_WORK INSTRUCTION_
Give again, word for word, the lines below that run from the line with "如果是 Win7 的话, 如图搜索 cmd 右键以 管理员 权限打开" through the line with "Dekoracja z serii". Drop the pictures.

GIVEN DATA section start

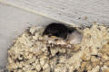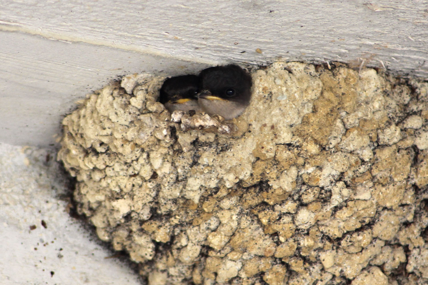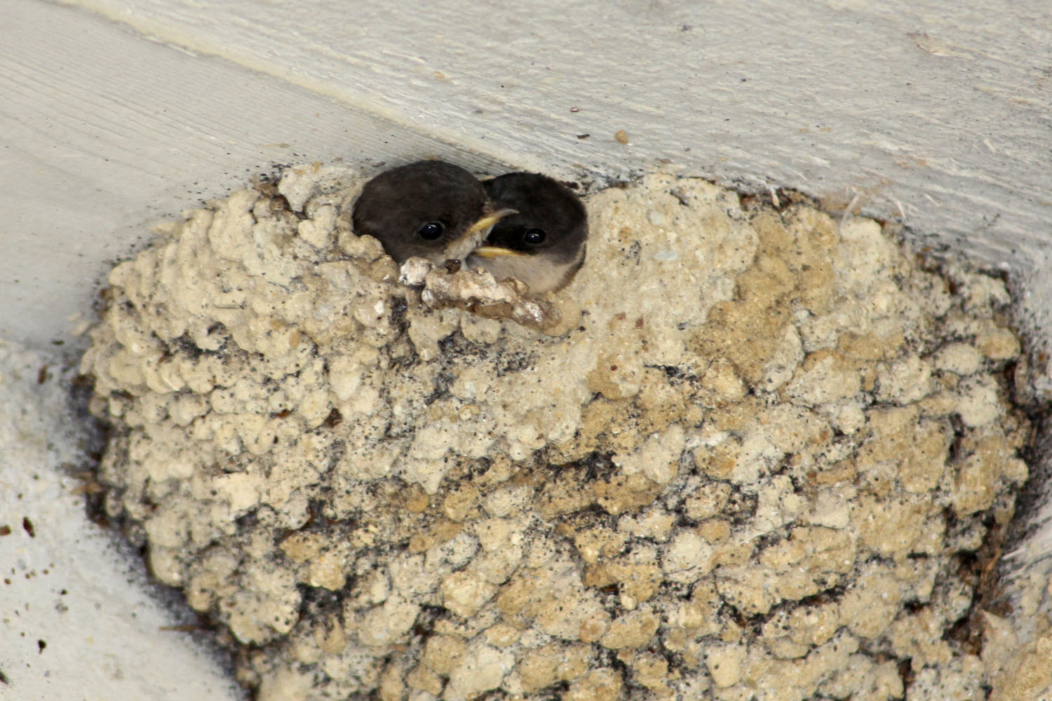 The House Martin is a Summer visitor to the UK and can be told apart from the Swallow or Swift by its shorter, stubbier wings and white body extending under its chin. House Martins typically make a cup shaped nest under the eaves of a roof.
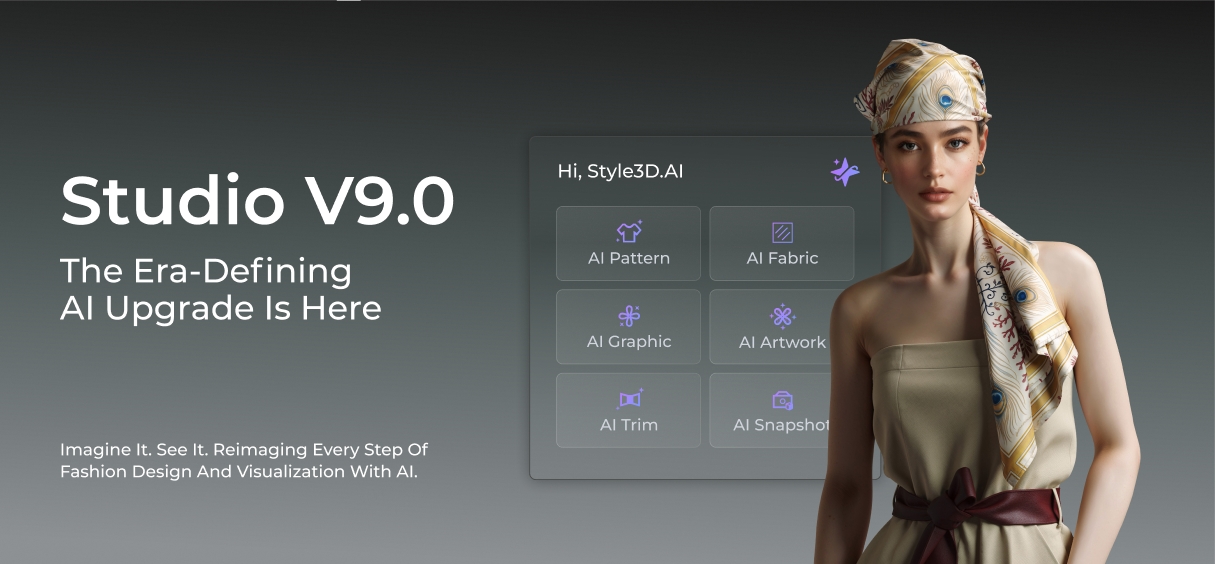 Style3D Studio V9.0已推出,这是有史以来最强大的版本,引领了人工智能数字时尚的新时代。从构思到可视化和生产,V9.0通过以下方式改变您的工作流程:
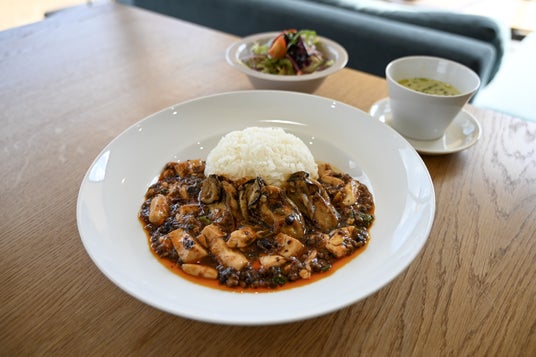 江田島牡蠣麻婆丼は年中ランチで提供しているほか、江田島市は牡蠣を目的に訪れる方が多いので、牡蠣フライや牡蠣のクラムチャウダーなども用意しています。また、お店は Sugos という名のとおり、『過ごす』ことに重点を置いています。食事をおいしく食べたい方も、癒しを求めて来られる方も、景色を楽しみながら、ゆったりとした時間をお過ごしください。
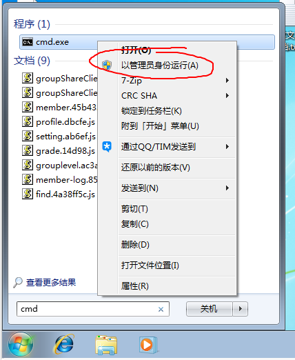 如果是 Win7 的话, 如图搜索 cmd 右键以 管理员 权限打开
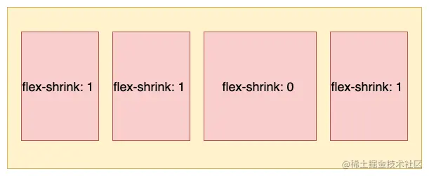 - 如果一个项目的 flex-shrink 属性为 0,其他项目都为 1,则空间不足时,前者不缩小,如下图所示:
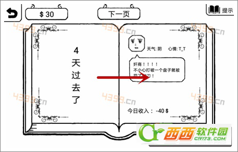 1.首先还是要一直向右翻书的,但是翻到第四页就行了!也就是出现“4天过去了”几个字出现后,我们开始向右滑动,返回前面的页码。
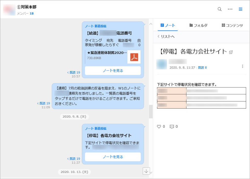 災害の状況確認にアンケート機能を使っているほか、災害時の対応ルールや手順、外部への連絡先などをホームの掲示板に記載しています。例えば、各事業所が備える非常用電源設備の燃料の注文先電話番号やメールアドレスなどをまとめています。これによって緊急時にPCを立ち上げたり、本社へ確認することなく対応できる体制を整えています。
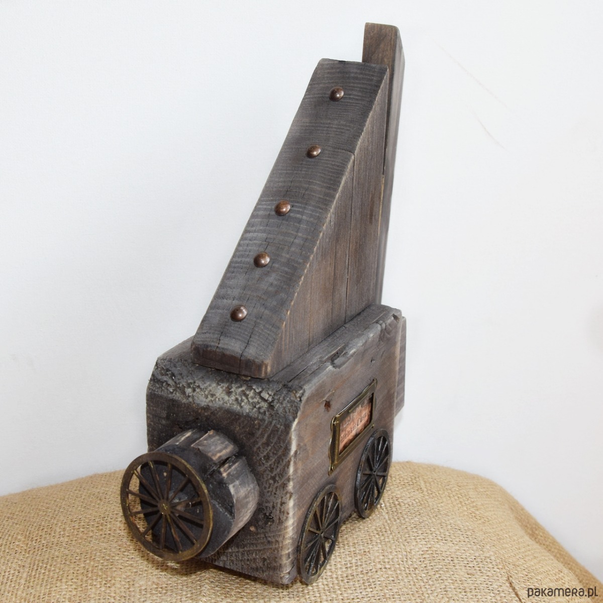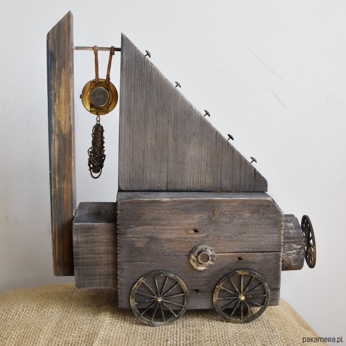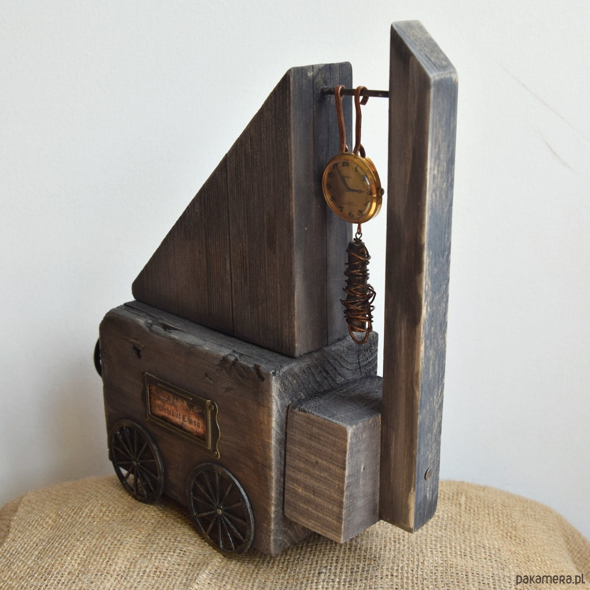 Dekoracja z serii "Wehikuł Czasu" wykonana z kawałków starego drewna "z odzysku", część z nich wyrzucona przez morze, z listewki sosnowej, sklejkowych kół, starej śruby, dekorów metalowych, zawieszki z gliny i miedzianego drutu, a także starego, niesprawnego już zegarka, który czasu biegnącego do przodu już nie będzie odmierzał, ale może przeniesie kogoś do czasów dzieciństwa, gdy zabawa przedmiotami pozornie nieprzydatnymi była esencją stanu "bez czasu" ;) Niedoskonałości drewna z otworami po gwoździach, nierównościami czy stare przedmioty użyte w projekcie nadają mu surowego charakteru i składają się na jego historię. Seria "Wehikułów Czasu" nawiązuje także do filozofii wabi-sabi, stąd wykorzystanie materiałów starych, używanych, "dziwnych", uratowanych przed wyrzuceniem albo wyszukanych wśród staroci czy na bałtyckiej plaży, a niedoskonałość samych (nadżartych czasem) materiałów ma nadawać dekoracjom unikalny charakter.
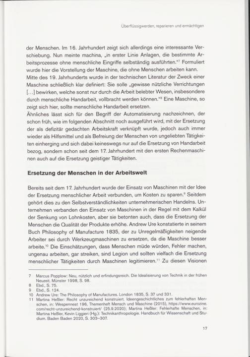 Bereits seit dem 17. Jahrhundert wurde der Einsatz von Maschinen mit der Idee der Ersetzung menschlicher Arbeit verbunden, um Kosten zu sparen. 9 Seitdem gehört dies zu den Selbstverständlichkeiten unternehmerischen Handelns. Unternehmen verbanden den Einsatz von Maschinen in der Regel mit dem Kalkül der Senkung von Lohnkosten, aber sie betonten auch, dass die Ersetzung der Menschen die Qualität der Produkte erhöhe. Andrew Ure konstatierte in seinem Buch Philosophy of Manufacture 1835, der zu Unregelmäßigkeiten neigende Arbeiter sei durch Werkzeugmaschinen zu ersetzen, da die Maschine besser arbeite. 10 Die Einschätzungen, dass Menschen müde würden, Fehler machen, ungenau arbeiten, gar streiken, sind Legion und sollten vielfach die Ersetzung menschlicher Tätigkeiten durch Maschinen legitimieren. * 11 Zu diesen Visionen
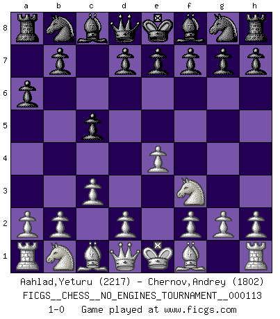 Last move : 1-0 2020 October 18 20:49:38 [Event "FICGS__CHESS__NO_ENGINES_TOURNAMENT__000113"] [Site "FICGS"] [Date "2020.09.06"] [Round "1"] [White "Aahlad,Yeturu"] [Black "Chernov,Andrey"] [Result "1-0"] [WhiteElo "2217"] [BlackElo "1802"] 1.e4 c5 2.Nf3 a6 3.c3 1-0 This chess game has been lost on time (started : 2020.09.06 10:30:7) Sicilian : O'Kelly variation Player White won this chess game. Follow this game move after move (download)Not only will I predict his triumph over Botvinnik, but I'll go further and say that he'll probably be the greatest Chess player that ever lived. (John Collins) Kann Schach nicht schließlich das Nationalspiel der Deutschen werden? Und welche weiteren Ausblicke bieten sich dann dar! Welche Hebung des allgemeinen Kultur-Niveaus, ja der Moral, wenn das Schachbrett den Kartentisch verdrängen würde! Wahrlich, ein Ziel, des Schweißes der Edlen wert! (Siegbert Tarrasch) Durante una competencia de Ajedrez, un Maestro de Ajedrez deberá ser una combinación de presa de caza y un Monge. (Alexander Alekhine) Il s'avisa de me proposer d'apprendre les échecs qu'il jouait un peu... me voilà forcené des échecs. J'achète un échiquier, je m'enferme dans ma chambre, j'y passe des jours et des nuits à vouloir apprendre par cur toutes les parties. (Jean-Jacques Rousseau, Confessions) Whatever you do, don't be bored. This is absolutely the most exciting time we could have possibly hoped to be alive. And things are just starting. (From movie Waking life)
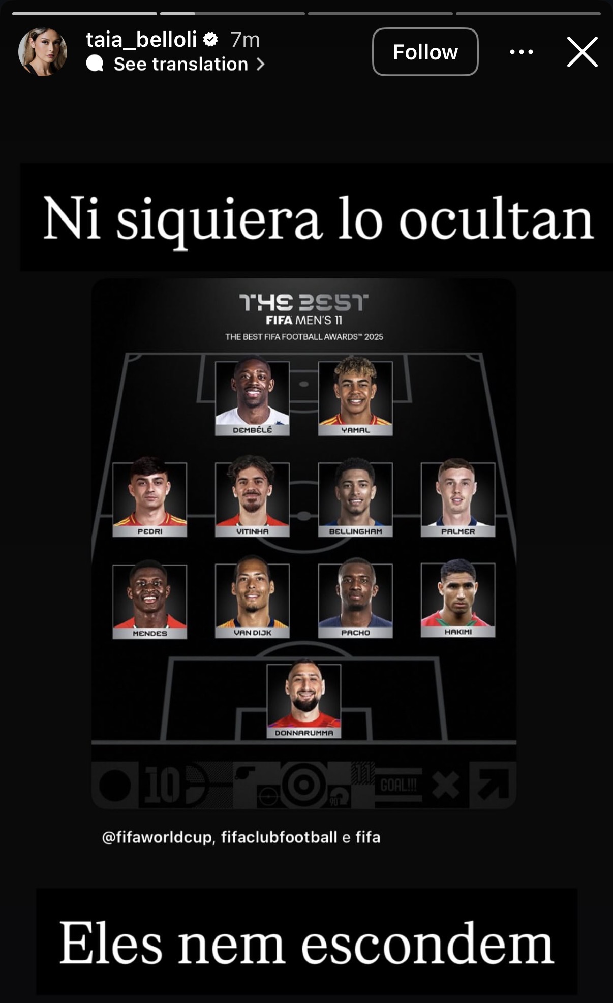 🚨📲 𝗡𝗘𝗪: Raphinha’s wife posted FOUR Instagram stories as Raphinha wasn’t included in FIFA’s FIFPRO World XI:
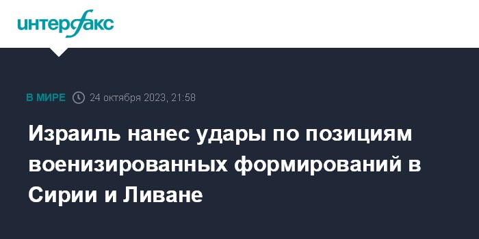 Москва. 24 октября. INTERFAX.RU - Армия обороны Израиля (ЦАХАЛ) во вторник нанесла серию ударов по позициям бойцов "Хезболлы", а также - по бойцам военизированных формирований в Сирии, сообщает во вторник The Times of Israel.
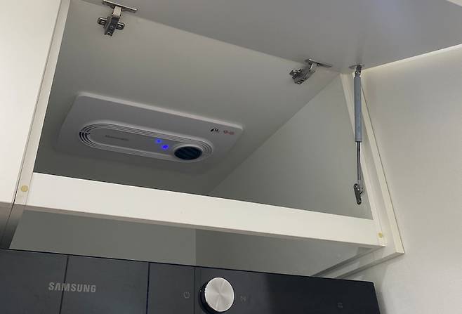 건조기 천장 쪽에 강력한 환풍기를 설치해서 환기를 하고 있어요. 상단이 수납장처럼 생겼지만 2칸은 사실 수납장이 아니라 가려주는 역할이랍니다.
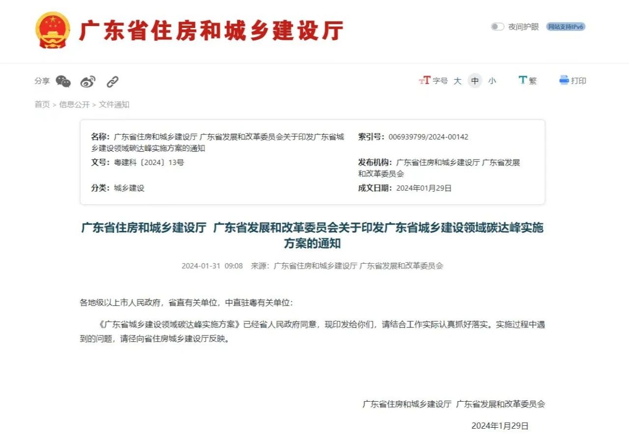 广东省城乡建设领域碳达峰实施方案
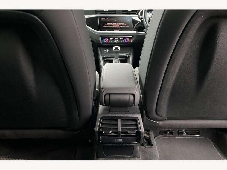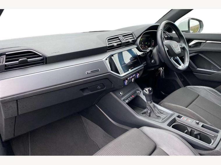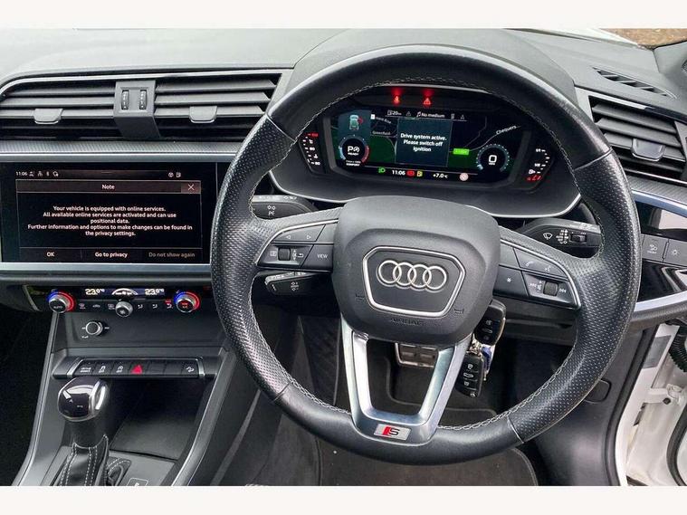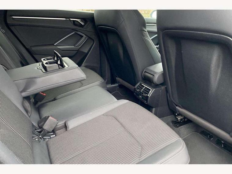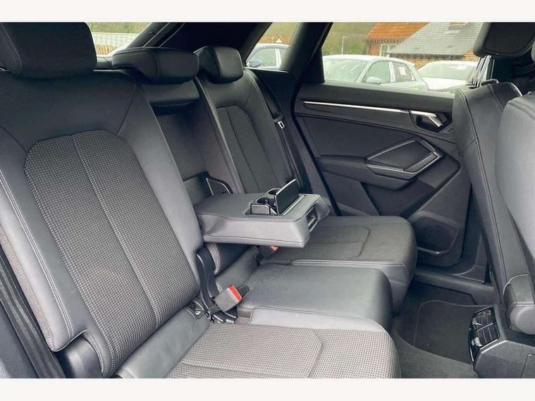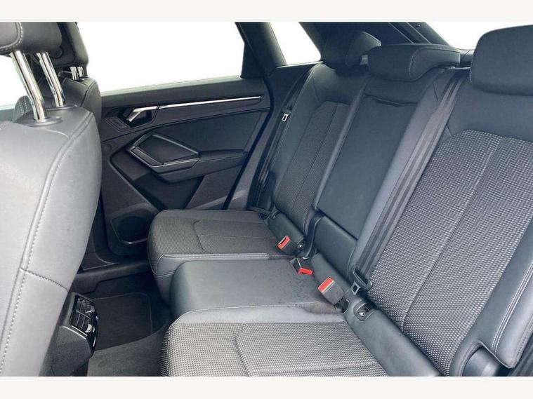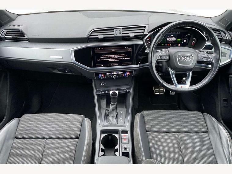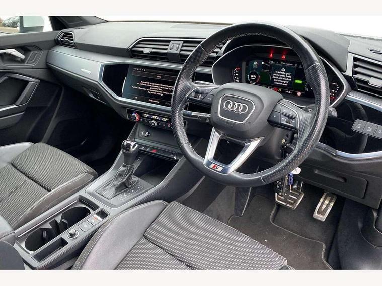 Amazon alexa Integration, Audi drive select, Audi lane departure warning, Audi Virtual Cockpit - 10.25" display, Bluetooth interface, Camera based traffic sign recognition, Legal emergency call, MMI Navigation Plus with high resolution 10.1 inch touchscreen colour display, Power operated tailgate, Progressive steering, Service interval indicator, Smartphone interface includes wireless Apple carplay/Android Auto, Start stop system with recuperation, Voice control system with natural language interaction, Diesel particulate filter, Sports suspension, 2 USB-C ports with charge and data functions, 6 passive loudspeakers, DAB digital radio module, Acoustic windscreen, Aluminium roof rails, Aluminium window trim, Auto dimming frameless rear view mirror, Body coloured bumpers, Electrically folding, adjustable and heated door mirrors with integrated LED side indicators and kerb view function for passenger side, Front and rear electric windows, Front fog lights, Front side air inlets in matt platinum grey, Front spoiler blade in matt platinum grey, Grille vertical bars in aluminium silver/Matt, High gloss black finish B and C pillars, LED headlights with LED daytime running lights, LED rear lights, LED third brake light, Privacy glass dark tinted rear and rear-side windows (from B-pillar backwards), Rain and light sensors, Rear diffuser grille in grained matt black, Rear diffuser strip in matt titanium black, Rear side wing doors, Rear wiper, S line badges on front wings, S Line front and rear bumpers, Side skirt insert in matt Platinium grey, Titanium black radiator grille, Variable front intermittent wipers, 12V socket in rear centre console, 3 seat bench in 2nd row, 40:20:40 folding with manual adjustment for 60:40 forwards/backwards position and backrest angle, Adjustable rear seat bench/backrest with centre armrest and cupholder, Black cloth headlining, Dual zone electronic climate control, Front and rear black floor mats with contrast stitching in rock grey, Front and rear headrests, Front and rear roof module including reading lights, Front centre armrest, Glove compartment lighting, Height and reach adjustable steering wheel, Illuminated door sill trims with S logo, ISOFIX child seat mounting for front passenger with airbag deactivation and outer rear seat including top tether attachment point for outer rear seats, Luggage compartment light, Manual front seats with height adjustment, Perforated leather gearknob, Single front passenger seat, Stainless steel luggage compartment sill finisher, Stainless steel pedals, Non smoking pack - Q3, 3x3 point rear seatbelts, 6 airbags - Driver, front passenger, curtain and side windows, Audi pre-sense front with pedestrain and cyclist recognition, Electromechanical parking brake, Electronic stabilisation control including ABS, ASR and EDL, Front seatbelt reminder, Hill descent control, Hill hold assist, Manual child lock in rear doors, Pre sense basic, Seatbelt monitoring, Tyre pressure warning, Warning triangle and first aid kit, Anti theft alarm, Anti theft wheel bolts, Immobiliser, Remote central locking, Dark matt brushed aluminium inlay, Detail dashboard around MMI touch colour display in glass look, black with surround in aluminium look, Leatherette door armrest,

GIVEN DATA section end

_RESPONSE BOX_
 如果是 Win7 的话, 如图搜索 cmd 右键以 管理员 权限打开
 - 如果一个项目的 flex-shrink 属性为 0,其他项目都为 1,则空间不足时,前者不缩小,如下图所示:
 1.首先还是要一直向右翻书的,但是翻到第四页就行了!也就是出现“4天过去了”几个字出现后,我们开始向右滑动,返回前面的页码。
 災害の状況確認にアンケート機能を使っているほか、災害時の対応ルールや手順、外部への連絡先などをホームの掲示板に記載しています。例えば、各事業所が備える非常用電源設備の燃料の注文先電話番号やメールアドレスなどをまとめています。これによって緊急時にPCを立ち上げたり、本社へ確認することなく対応できる体制を整えています。
 Dekoracja z serii "Wehikuł Czasu" wykonana z kawałków starego drewna "z odzysku", część z nich wyrzucona przez morze, z listewki sosnowej, sklejkowych kół, starej śruby, dekorów metalowych, zawieszki z gliny i miedzianego drutu, a także starego, niesprawnego już zegarka, który czasu biegnącego do przodu już nie będzie odmierzał, ale może przeniesie kogoś do czasów dzieciństwa, gdy zabawa przedmiotami pozornie nieprzydatnymi była esencją stanu "bez czasu" ;) Niedoskonałości drewna z otworami po gwoździach, nierównościami czy stare przedmioty użyte w projekcie nadają mu surowego charakteru i składają się na jego historię. Seria "Wehikułów Czasu" nawiązuje także do filozofii wabi-sabi, stąd wykorzystanie materiałów starych, używanych, "dziwnych", uratowanych przed wyrzuceniem albo wyszukanych wśród staroci czy na bałtyckiej plaży, a niedoskonałość samych (nadżartych czasem) materiałów ma nadawać dekoracjom unikalny charakter.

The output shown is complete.